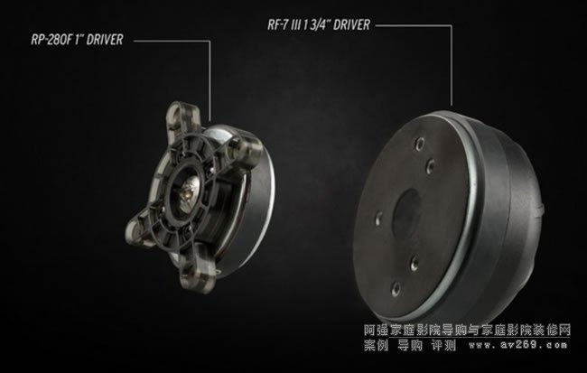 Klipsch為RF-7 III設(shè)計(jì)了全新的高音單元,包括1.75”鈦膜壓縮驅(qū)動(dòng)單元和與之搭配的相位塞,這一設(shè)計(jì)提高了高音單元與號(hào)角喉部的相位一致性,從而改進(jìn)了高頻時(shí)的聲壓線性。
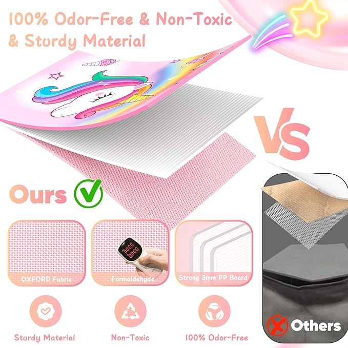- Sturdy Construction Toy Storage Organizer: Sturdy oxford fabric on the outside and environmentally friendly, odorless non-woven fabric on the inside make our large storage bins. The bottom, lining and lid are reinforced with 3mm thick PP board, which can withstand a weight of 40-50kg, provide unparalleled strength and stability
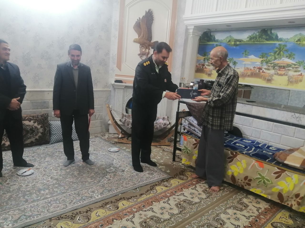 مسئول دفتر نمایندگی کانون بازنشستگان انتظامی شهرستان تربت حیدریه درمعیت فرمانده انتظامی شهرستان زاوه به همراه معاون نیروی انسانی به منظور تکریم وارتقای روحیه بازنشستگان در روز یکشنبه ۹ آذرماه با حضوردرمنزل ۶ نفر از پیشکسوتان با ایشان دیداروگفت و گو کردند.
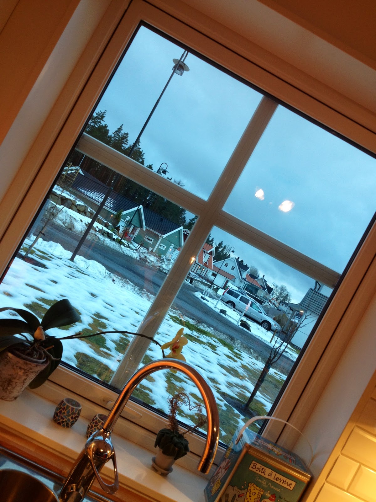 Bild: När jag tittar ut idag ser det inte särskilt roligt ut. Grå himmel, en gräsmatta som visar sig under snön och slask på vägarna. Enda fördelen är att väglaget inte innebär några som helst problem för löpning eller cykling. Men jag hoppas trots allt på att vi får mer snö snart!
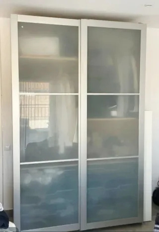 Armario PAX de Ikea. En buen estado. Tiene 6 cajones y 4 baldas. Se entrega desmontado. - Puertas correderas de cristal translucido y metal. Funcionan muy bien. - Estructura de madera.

• Exercise directions:
Restate the records in full and word for word, but keep the pictures out.

• Your response:
 Klipsch為RF-7 III設(shè)計(jì)了全新的高音單元,包括1.75”鈦膜壓縮驅(qū)動(dòng)單元和與之搭配的相位塞,這一設(shè)計(jì)提高了高音單元與號(hào)角喉部的相位一致性,從而改進(jìn)了高頻時(shí)的聲壓線性。
- Sturdy Construction Toy Storage Organizer: Sturdy oxford fabric on the outside and environmentally friendly, odorless non-woven fabric on the inside make our large storage bins. The bottom, lining and lid are reinforced with 3mm thick PP board, which can withstand a weight of 40-50kg, provide unparalleled strength and stability
 مسئول دفتر نمایندگی کانون بازنشستگان انتظامی شهرستان تربت حیدریه درمعیت فرمانده انتظامی شهرستان زاوه به همراه معاون نیروی انسانی به منظور تکریم وارتقای روحیه بازنشستگان در روز یکشنبه ۹ آذرماه با حضوردرمنزل ۶ نفر از پیشکسوتان با ایشان دیداروگفت و گو کردند.
 Bild: När jag tittar ut idag ser det inte särskilt roligt ut. Grå himmel, en gräsmatta som visar sig under snön och slask på vägarna. Enda fördelen är att väglaget inte innebär några som helst problem för löpning eller cykling. Men jag hoppas trots allt på att vi får mer snö snart!
 Armario PAX de Ikea. En buen estado. Tiene 6 cajones y 4 baldas. Se entrega desmontado. - Puertas correderas de cristal translucido y metal. Funcionan muy bien. - Estructura de madera.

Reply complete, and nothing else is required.